John Bull is a national personification of the United Kingdom in general and England in particular, especially in political cartoons and similar graphic works. He is usually depicted as a stout, middle-aged, country dwelling, jolly, matter-of-fact man.

John Bull originated in the creation of Dr. John Arbuthnot, a friend of Jonathan Swift (author of Gulliver's Travels) and satirist Alexander Pope in 1712, and was popularised first by British print makers. Arbuthnot created Bull in his pamphlet Law is a Bottomless Pit (1712). The same year Arbuthnot published a four-part political narrative The History of John Bull. In this satirical treatment of the War of the Spanish Succession a bold, honest and forthright clothier John Bull brings a lawsuit against various figures intended to represent the kings of France and Spain as well as institutions both foreign and domestic.

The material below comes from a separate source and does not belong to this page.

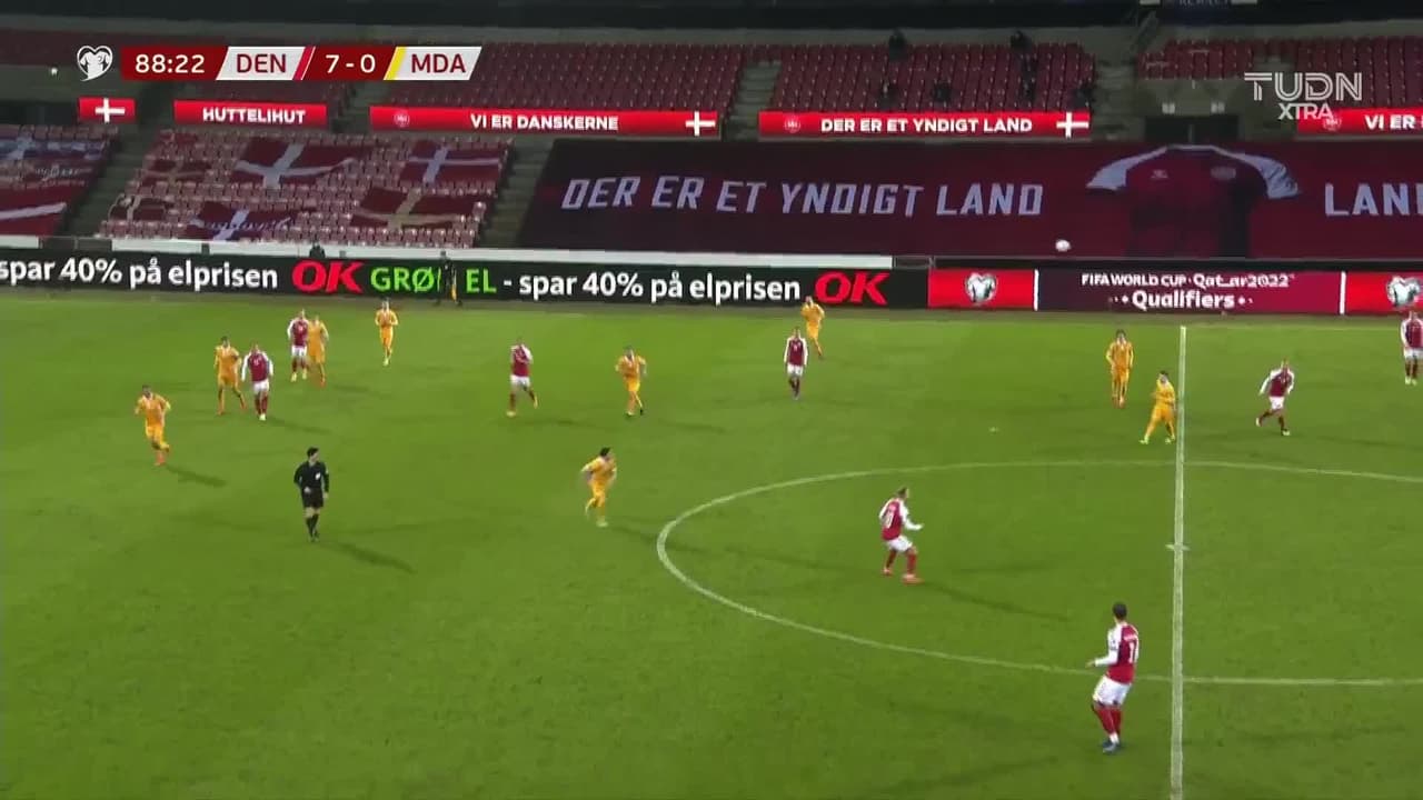 Tiro atajado raso al centro del arco. Christian Eriksen (Dinamarca) Disparo con la derecha desde el centro del área. Asistencia de Kasper Dolberg.
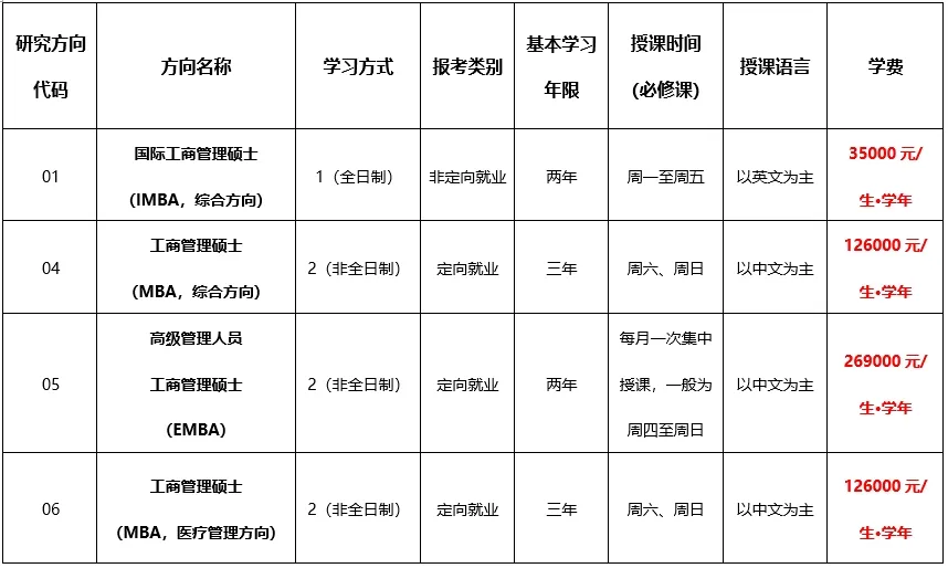 402永利集团官网2025年计划面向全国招收工商管理硕士【专业代码125100】专业学位研究生395人,包括高级管理人员工商管理硕士(EMBA,非全日制)、国际工商管理硕士(IMBA,全日制,综合方向)、工商管理硕士(MBA,非全日制,综合方向)、工商管理硕士(MBA,非全日制,医疗管理方向)四个报考方向。

Originally derided, William Hogarth and other British writers made Bull "a heroic archetype of the freeborn Englishman." Later, the figure of Bull was disseminated overseas by illustrators and writers such as American cartoonist Thomas Nast and Irish writer George Bernard Shaw, author of John Bull's Other Island.

Starting in the 1760s, Bull was portrayed as an Anglo-Saxon country dweller. He was almost always depicted in a buff-coloured waistcoat and a simple frock coat (in the past Navy blue, but more recently with the Union Jack colours).Britannia, or a lion, is sometimes used as an alternative in some editorial cartoons.